Teachers and parents contribute to children's academic success when they forge a meaningful partnership. A vital component of the partnership is parental involvement in the classroom, but some parents need encouragement to take the first step that leads to the classroom. Teachers can promote parental involvement with strategies that validate the importance of parents contributing to their child’s education.

Share Positive Feedback

When interaction with their child’s school consistently conveys negative information, parents experience little incentive to become involved in the classroom. It’s not surprising that parents are likely to avoid scenarios linked to stressful outcomes. The National Education Association recommends that teachers call parents to share positive feedback related to their child’s progress. For example, “Marquez helped a new student make friends on the playground. I am so proud of him!” Sharing small successes opens larger windows of accessibility to parents who might have believed there was no reason to become involved in their child’s classroom.

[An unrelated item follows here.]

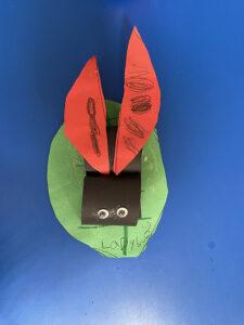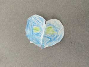 In her class, Briget was continuing the spring theme, but instead of focusing on a bug this week, she led an Earth Day inspired craft, as Earth Day was the day before. She introduced the activity by leading a discussion on what it means to take care of the Earth and the ways we have the power to do so. The kids came up with lots of good ideas, and started to think about “Earth Day promises they could make, promises to themselves and the planet of one thing they would do to be kind to our environment. Then, we handed out materials for the craft. We were making little heart-shaped Earths that folded open to reveal messages (the Earth Day promises). We used pre-drawn hearts, which the kids just had to follow the lines to cut out, rectangular strips of paper to attach it to for the messages, and blue and green colored pencils. Their messages read statements like, “I can recycle!,” and “I will throw away my garbage and not litter,” or “I will do my best to love Earth.” It was a lovely little activity that inspired the students to be thankful for the natural environment and think about ways they can support it, even as kids.

Accommodate Busy Schedules

Encourage parental involvement in the classroom by acknowledging that many parents struggle with the time constraints that one or more jobs, extracurricular activities and family responsibilities place on their crowded daily agenda. For example, invite parents to eat breakfast or lunch with their child. The National Association for the Education of Young Children reports that parents are more likely to attend conferences when teachers offer a variety of scheduling options.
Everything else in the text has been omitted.